In molecules with several atoms, some orbitals may be delocalized over more than two atoms. A particular molecular orbital may be bonding with respect to some adjacent pairs of atoms and antibonding with respect to other pairs. If the bonding interactions outnumber the antibonding interactions, the MO is said to be bonding, whereas, if the antibonding interactions outnumber the bonding interactions, the molecular orbital is said to be antibonding.

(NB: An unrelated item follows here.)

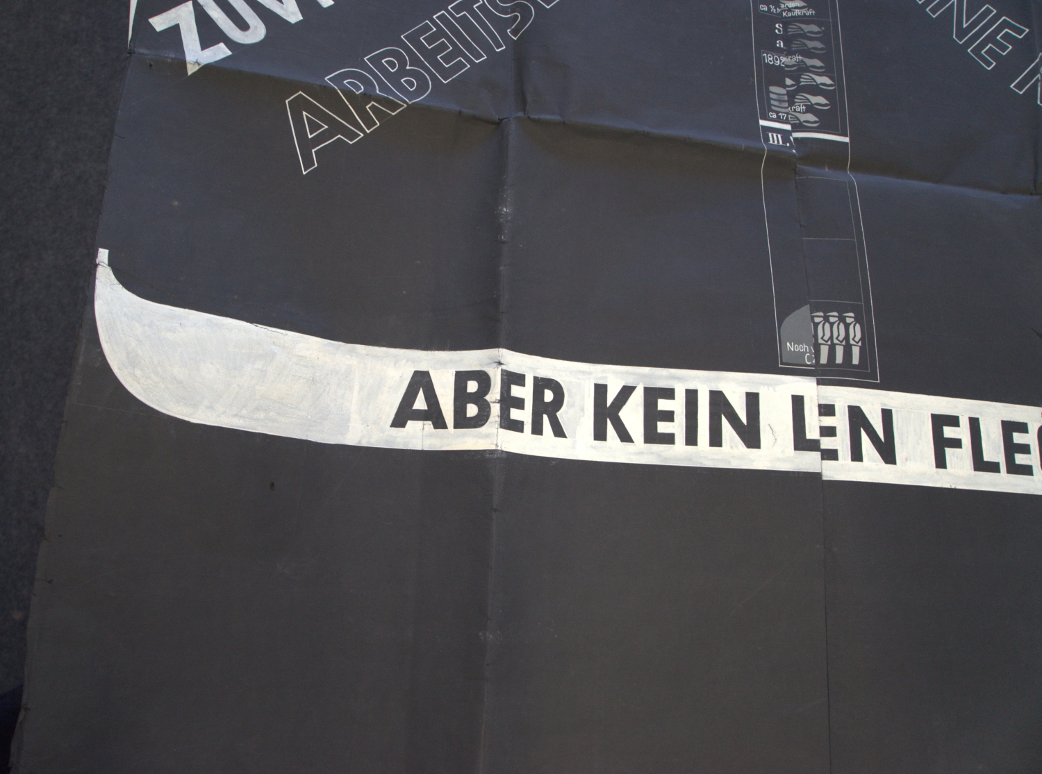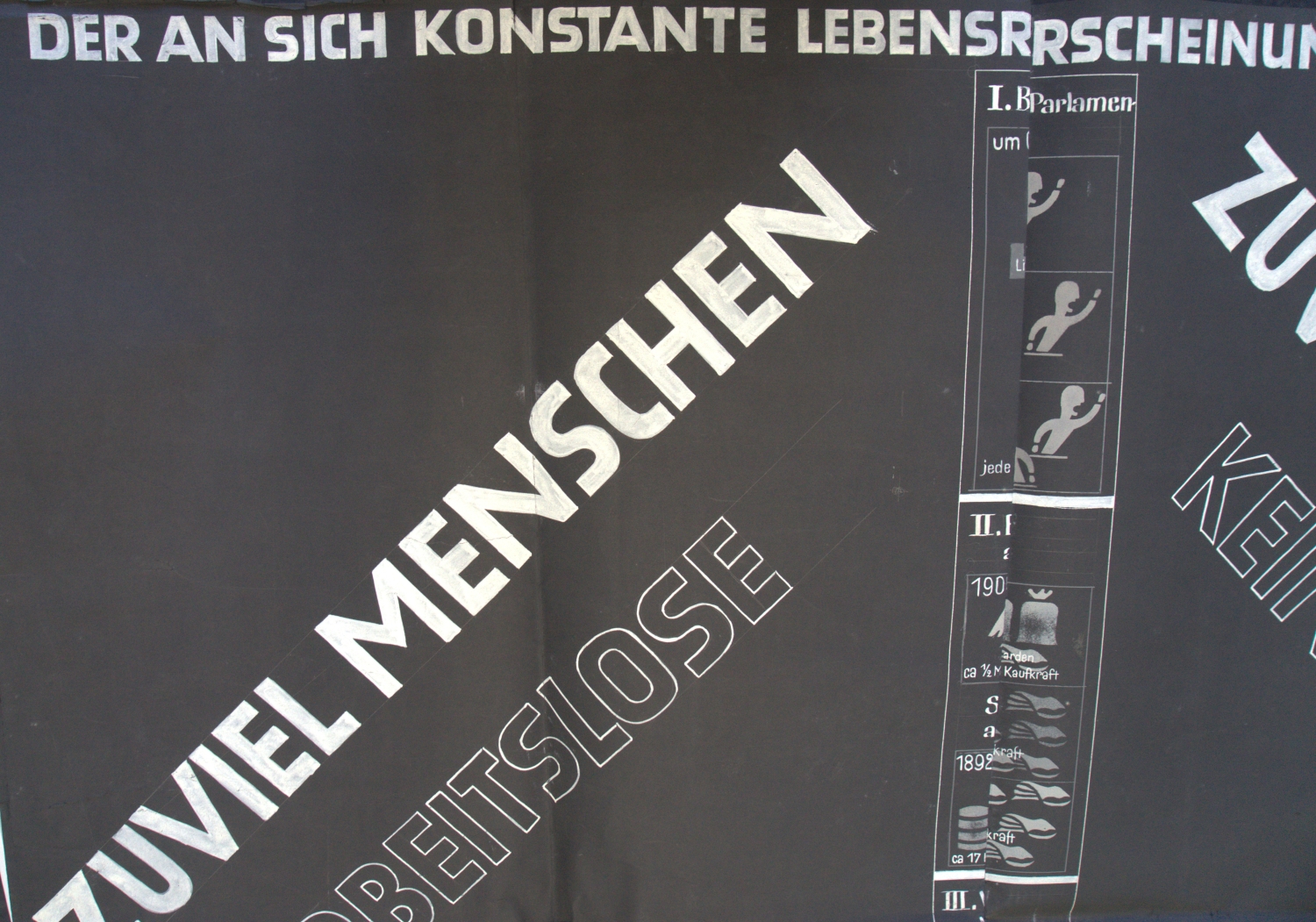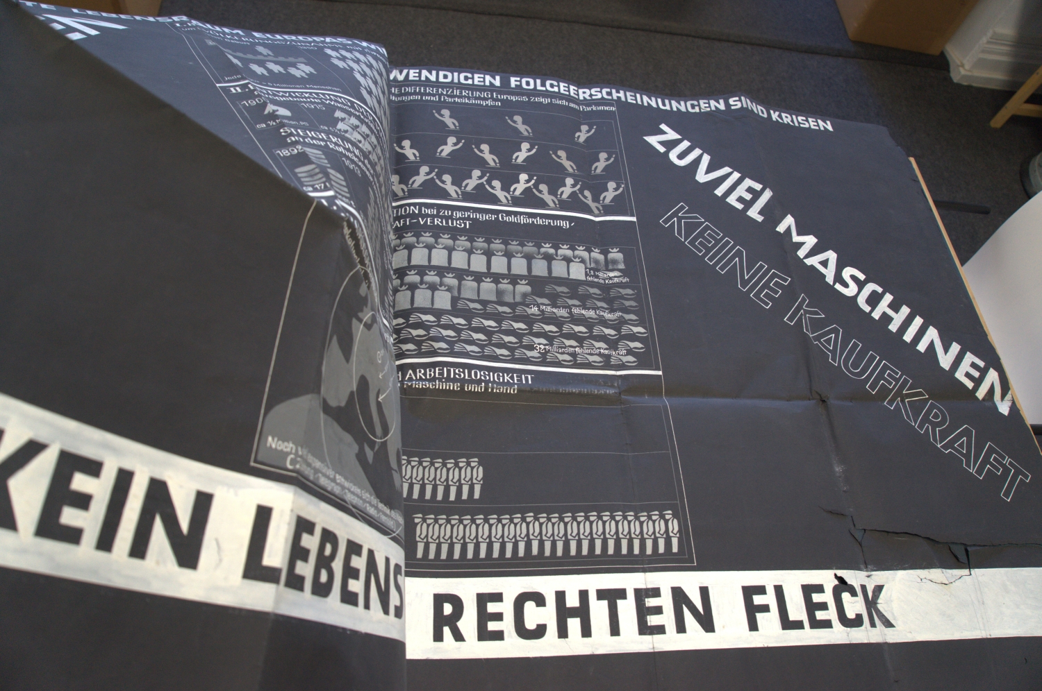 Plakative Darstellung der Menschheitsprobleme am Anfang der dreißiger Jahre aus eurozentristischer Perspektive, entstanden für die Wiener Ausstellung zu Herman Sörgels "Panropa-", dem späteren sogenannten "Atlantropa-Projekt". Das Großplakat benennt die Hauptprobleme: "Zuviel Menschen Arbeitslose - Durch den Weltkrieg wurden auf allen Gebieten ungeheuere Werte vernichtet - Zuviel Maschinen, keine Kaufkraft. Aber kein Lebensraum am rechten Fleck". Einzelne Graphiken widmen sich je einem Detailproblem: "I. Bevölkerungszunahme mit ihrem Expansionsdrang", "II. Entwicklung der Maschine in PS", "Steigerung der industriellen Rohstoffgewinnung", "III. Vergrösserung des menschlichen Aktionsradius durch die Verkehrstechnik", "Ia. Die politische Differenzierung Europas", "IIa. Überproduktion bei zu geringer Goldförderung, daraus Kaufkraft-Verlust", "IIIa. Erwerb- und Arbeitslosigkeit - Konflikt zwischen Maschine und Hand". – Rechter Rand unten mit größerem, sonst nur kleinere Einrisse (ohne Bildverlust), verso mehrere alte Klebe- und Montagespuren, mehrfach gefaltet, sonst nur mäßige Gebrauchsspuren.

For example, butadiene has pi orbitals which are delocalized over all four carbon atoms. There are two bonding pi orbitals which are occupied in the ground state: π1 is bonding between all carbons, while π2 is bonding between C1 and C2 and between C3 and C4, and antibonding between C2 and C3. There are also antibonding pi orbitals with two and three antibonding interactions as shown in the diagram; these are vacant in the ground state, but may be occupied in excited states.

Similarly benzene with six carbon atoms has three bonding pi orbitals and three antibonding pi orbitals. Since each carbon atom contributes one electron to the π-system of benzene, there are six pi electrons which fill the three lowest-energy pi molecular orbitals (the bonding pi orbitals).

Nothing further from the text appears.